Раскрыв для себя сатанинский замысел молодого честолюбца, поборник мелкобуржуазной, аграрной демократии Джефферсон решил поднять на ноги американцев, убаюканных, помимо прочего, официальным еженедельником «Газетт оф Юнайтед Стейтс», основанным в 1789 году и находившимся в руках Гамильтона. Джефферсон уговорил друга Ф. Френо создать и возглавить оппозиционный орган «Нэшнл газетт», которая начала выходить в октябре 1791 года. С первого номера «Нэшнл газетт» обрушилась на правительство, разнося в пух и в прах все его меры, за исключением исходивших от Джефферсона. В статьях Френо поносился Гамильтон и все связанное с ним. «Свободные граждане Америки не допустят, чтобы богачи топтали их», — гремела «Нэшнл газетт» и добавляла: «Нужно провести новую революцию в пользу народа».

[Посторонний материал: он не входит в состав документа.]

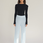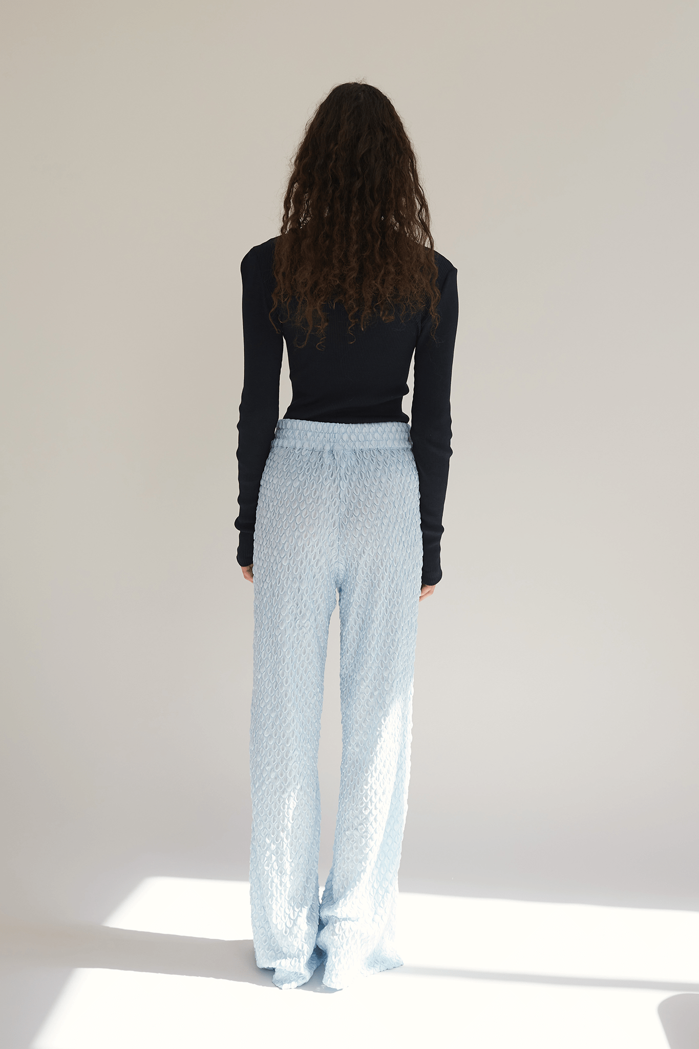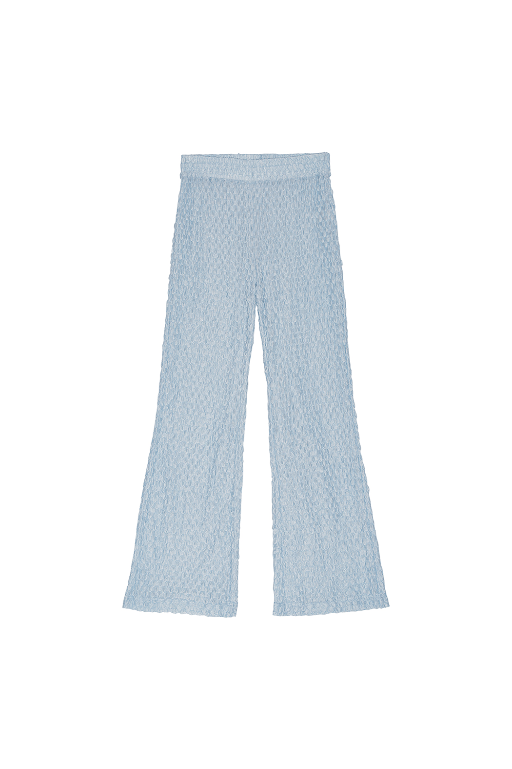 The eye-catching Martina trousers are crafted from a light blue material with a playful structure. They feature a loose fit with long wide legs and an elasticated waistband. Style them with the matching Marilene shirt for a tone-in-tone look.

Гамильтон сначала легкомысленно отнесся к нападкам, отвечать на них не было времени. Он делил время между министерством финансов и обаятельной миссис Рейнольдс (когда г-жа Гамильтон случалась в отлучке). Суровый Джефферсон между тем по уши погрузился к дела — в считанные месяцы он написал свыше четырех тысяч писем, вербуя сторонников и разоблачая министра финансов. «Нэшнл газетт», естественно, докопалась до миссис Рейнольдс и поделилась радостью открытия с читателями. Гамильтон схватился за перо и в сердцах обозвал Френо «лакеем Джефферсона», редактор «Нэшнл газетт» не остался в долгу и т. д.

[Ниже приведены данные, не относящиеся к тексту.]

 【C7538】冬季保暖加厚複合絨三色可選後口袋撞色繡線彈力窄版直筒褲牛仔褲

Президент без труда выяснил, что статьи в газете Френо и высказывания Джефферсона на заседаниях кабинета совпадают до точки. Он негодовал по поводу «негодяя Френо», но оставался корректным с государственным секретарем. В свою очередь, Джефферсон с острым любопытством наблюдал за президентом. Он лицемерно сообщает Мэдисону, ставшему его единомышленником: «Президент выглядит неважно. Неделю или десять дней его трепала лихорадка, что, естественно, сказалось. Его также чрезвычайно обижают нападки в газетах. Я думаю, что они задевают его больше, чем кого бы то ни было. Я искренне сожалею по поводу всего этого».

Повергнутый в скорбь происходившим, Вашингтон попытался смягчить газетную дуэль министров, тем более что на страницах «Нэшнл газетт» стало доставаться и президенту. Нужно умерить страсти, писал он Рандольфу, «прекратить поношение должностных лиц и злобные нападки почти на все действия правительства, которыми переполнены некоторые газеты. Если так будет продолжаться, союз распадется». Трудно сказать, верил ли он в реальность угрозы, несомненно, по крайней мере, одно — президент видел, что затянувшаяся ссора министров отдаляет день его ухода от дел государственных. А он думал, что в 1793 году удастся вернуться в дорогой Маунт-Вернон, и уже сговаривался о тексте прощального обращения к стране с Мэдисоном.

Но как уйти на покой, когда Гамильтон и Джефферсон раздувают политические страсти? Вашингтон испробовал все, чтобы примирить противников, даже взывал к жалости. К сухому Гамильтону обращаться в этом плане было напрасно, и президент попробовал растопить сердце Джефферсона, о возвышенной душе которого старик, как и другие американцы, достаточно понаслышался. Зимним днем в начале 1792 года он пригласил государственного секретаря и затеял необычный разговор. Они уселись в кабинете президента, потягивали любимую Вашингтоном мадеру. И вот что последовало, если верны воспоминания Джефферсона о достопамятном дне.

— Я, как никогда раньше, чувствую холодные, мрачные дни, — пожаловался Вашингтон. — Впрочем, естественно, скоро мне стукнет шестьдесят. Старик!

— Ну нет, сэр, — ответил Джеффереон, — впереди у вас много лет, которые вы проведете в полезных трудах.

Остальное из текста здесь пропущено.